Good point. I was thinking of going for this product myself until it was pointed out recently that the T&C state no interest will be paid in any month of a withdrawal.


----------



## Marc (11 Mar 2009)

Re the view that Deposit accounts are a low-risk investment. In nominal terms, yes, your nominal savings are relatively safe. In real terms however, adjusted for inflation, it can be a very different story.

Here is a simple logical argument for all savers to consider:

A simple definition of inflation is "too much money chasing too few goods" 
Governments around the world are now printing money (quantitive easing). 

The quantity of money in circulation is increasing, which all things being equal might be expected to result in higher inflation. 

In the words of the economist Roger Bootle, ‘the umpteen billions of dollars which have been magicked out of nowhere must return whence they came"

For a more detailed explanation of the issues have a look at this:

[broken link removed]

Remember that real interest rates in the 1970s were negative. That is to say the net rate of interest paid to savers allowing for inflation was negative. Each and every year the value of their savings account declined in value.

If real interest rates remain below inflation, the credit crisis will unwind as the burden of debt is reduced in the economy. Those with existing debts will see an improvement in their financial position whilst those with savings on deposit, will see the value of their savings reduce. 

Low interest rates and high inflation will be terrible news for savers.

What should a cautious saver do to offset the risk of inflation?

Ideally, one needs a secure form of investment which offers the potential to appreciate as inflation feeds into the economy.

There are two simple options to consider:

1) Inflation linked government bonds
These offer a government-backed interest payment and inflation protection on the capital invested. However, they have two risks here:
i) Currency risk - movements in currency rates can swamp movements in bond returns so US$ or £ bonds which are un-hedged can create serious problems for a € investor.
ii) Maturity risk - most bonds are issued with very long durations typically 20 or 30 years. Small movements in interest rates can have a very large impact on the movement in prices. The price of bonds moves inverse to the movement in interest rates. So, a low interest yield purchased today, can spell a lot of trouble if interest rates increase.

2) The second option is therefore what was once described by a Professor of Finance as an "inflation hedge fund" 

Savers purchase a euro currency hedged, short-term government bond fund. This offers a high level of security for the cautious investor since they are buying government debt rather than corporate debts. Furthermore this actually offers very good protection against inflation.

The reason is that the bonds are held for a relatively short period of time (sometimes only a few months) they then mature and the proceeds are reinvested into new short-term bonds. Each time the bonds are reinvested, the investor gets to benefit from any changes in interest rates and inflation expectations. 

The result is less volatility in prices (the thing most cautious savers are trying to avoid) but with a higher expected return than a deposit account over time.

Why would we buy a fund rather than simply buying a bund on the German market? Two reasons diversification and tax.

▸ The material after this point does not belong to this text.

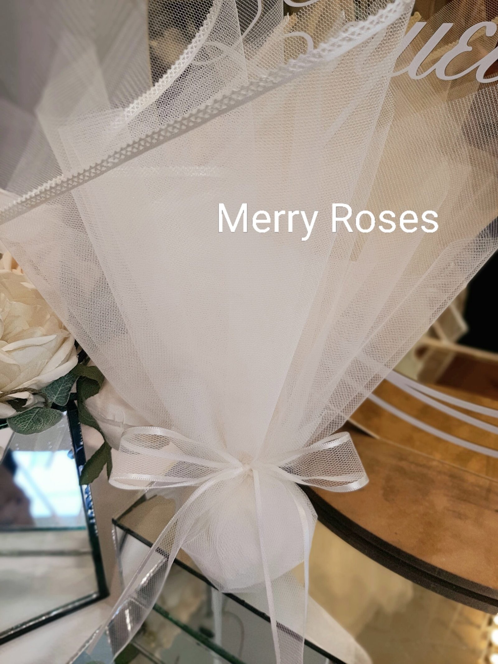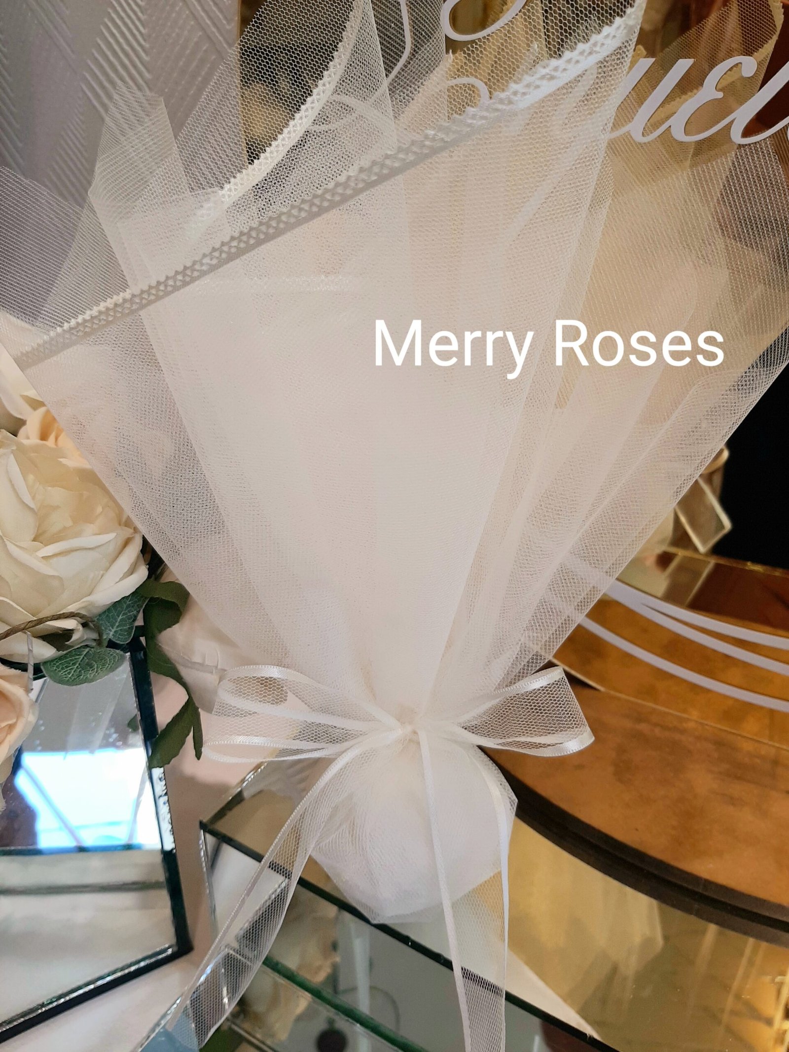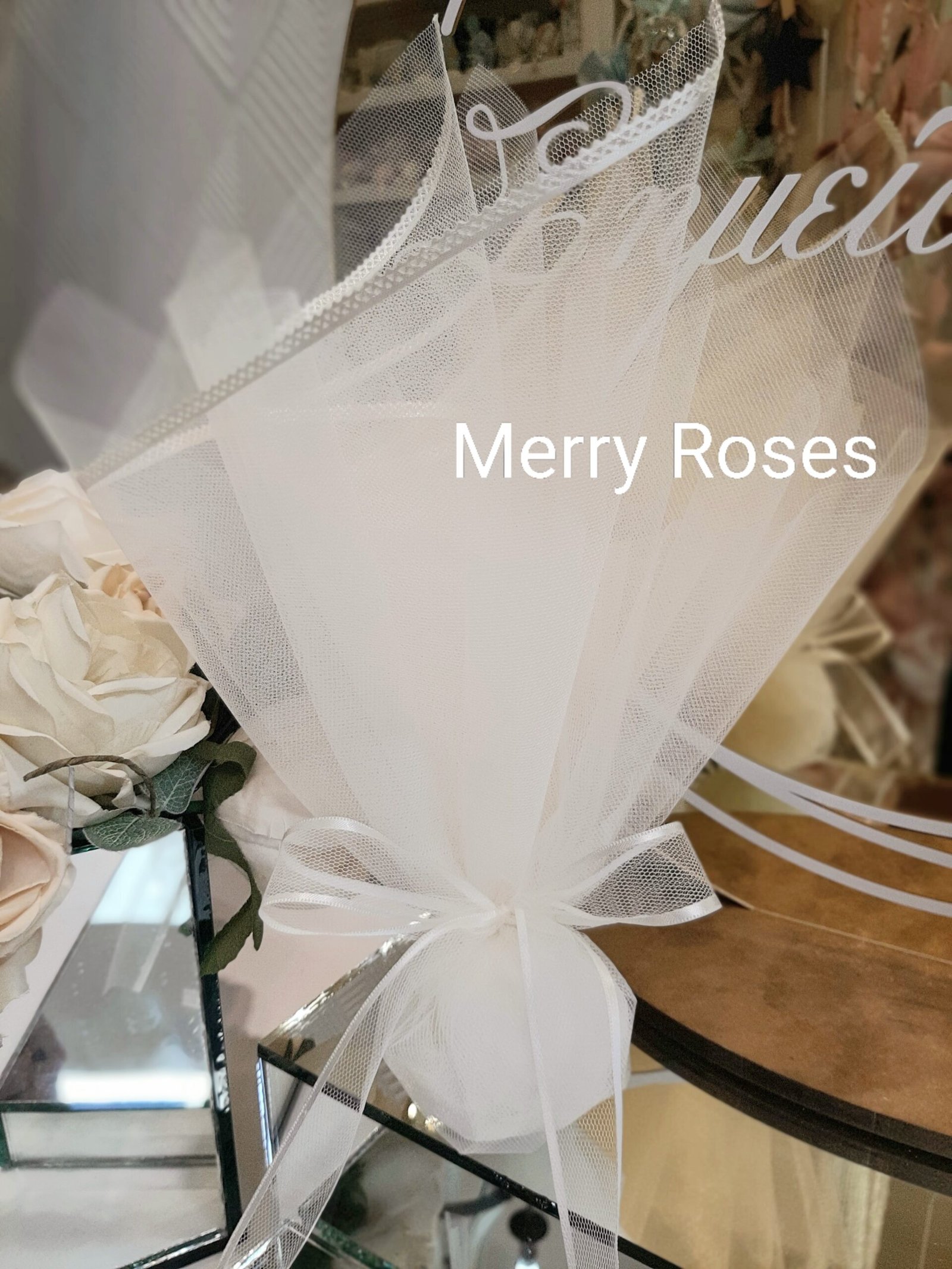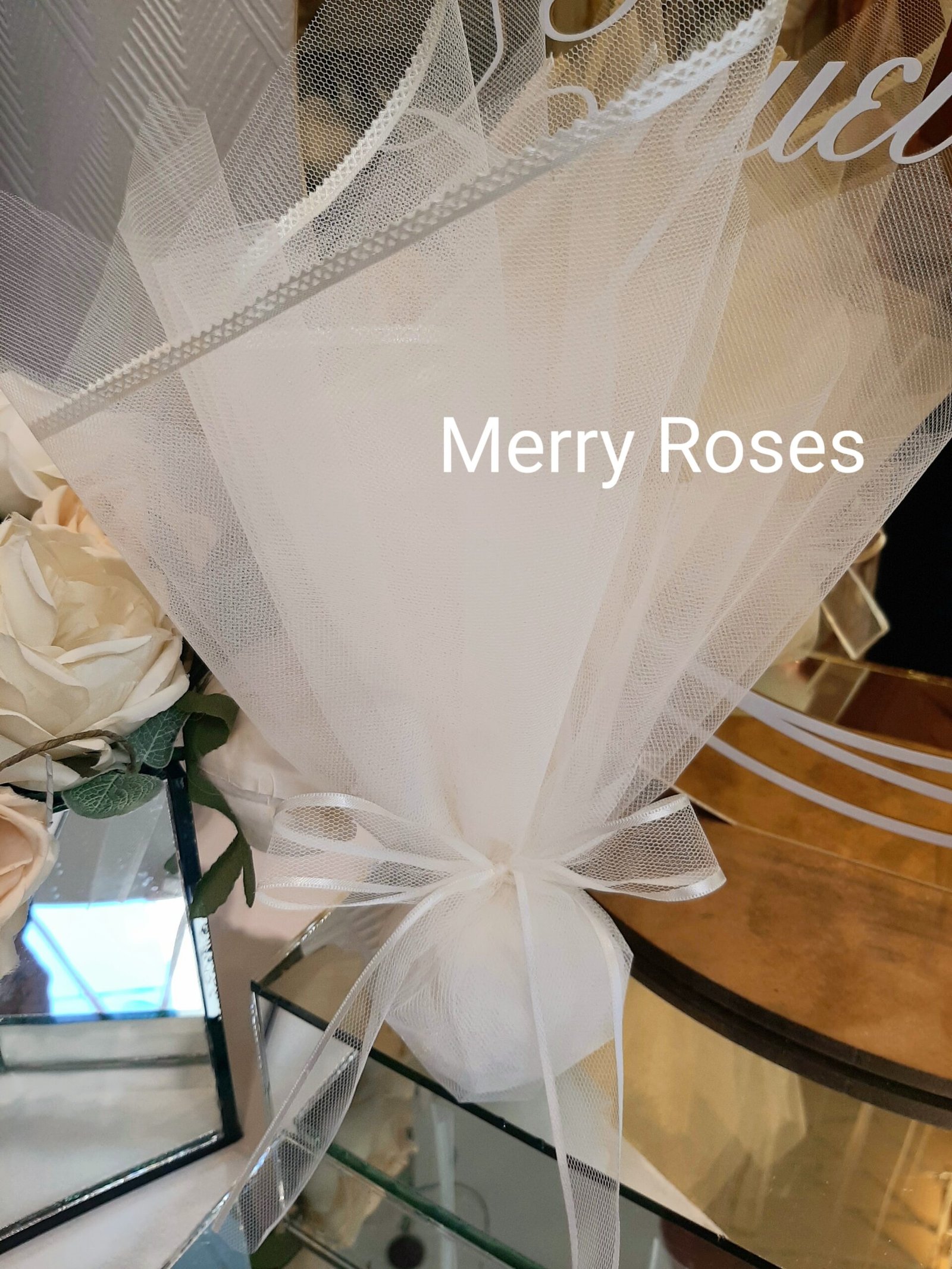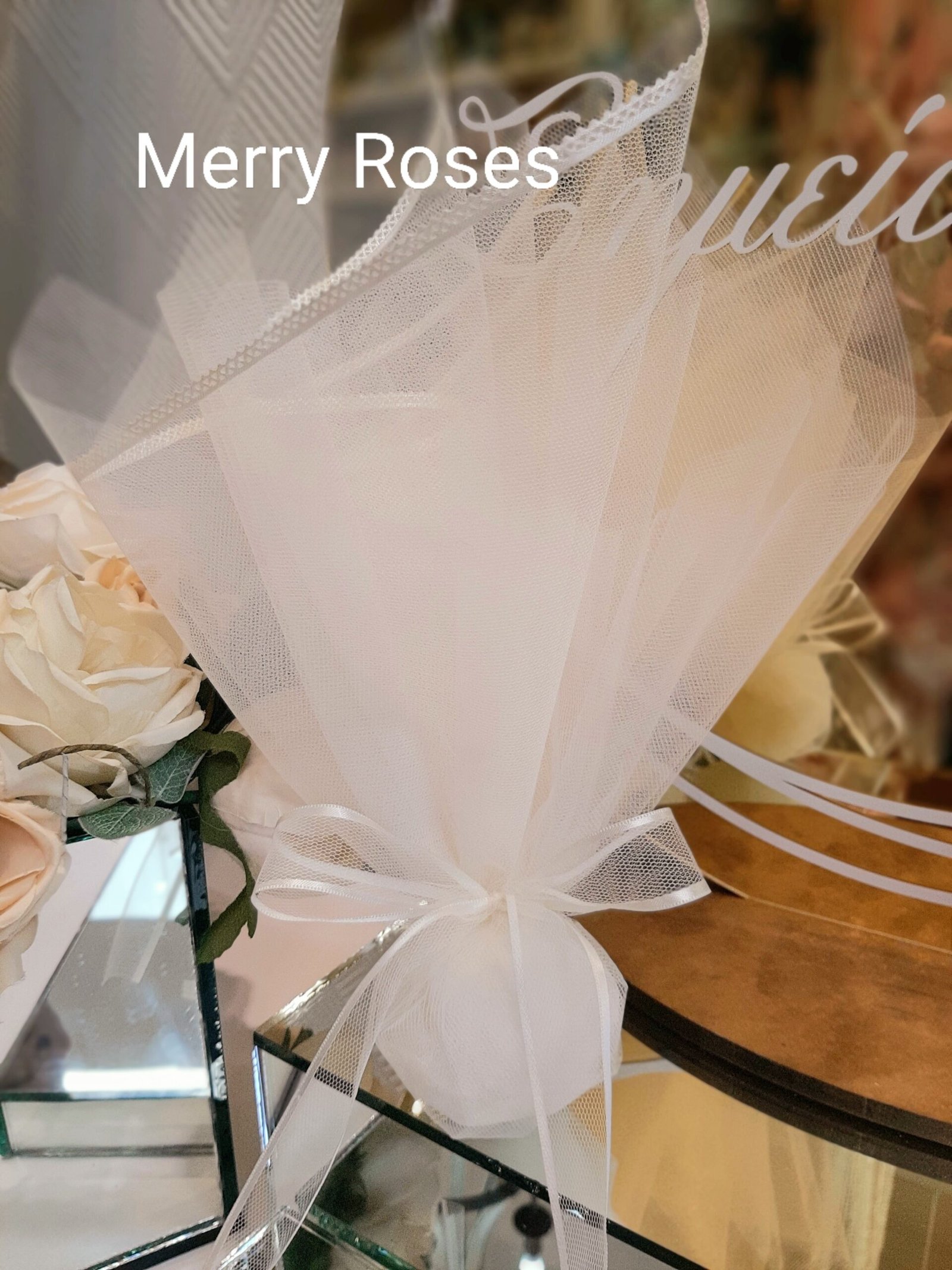 Ιδιαίτερη μπομπονιέρα γάμου με τούλι ιβουάρ 45*50 εκ με φινίρισμα σατέν ,δεμένη με φίνα τούλινη κορδέλα φιόγκο με φινίρισμα ιβουάρ σατέν.

Diversification is the closest thing that an investor has to a "free lunch" 

A government bond purchased directly is subject to marginal tax at up to 41% whereas a bond purchased through a fund is only subject to exit tax.

The solution?
How about a slice invested in a Euro currency-hedged, Irish Domiciled, Global Short-Dated Bond fund with an annual management charge of just 0.25%pa?

This is what we recommend for our cautious clients.


----------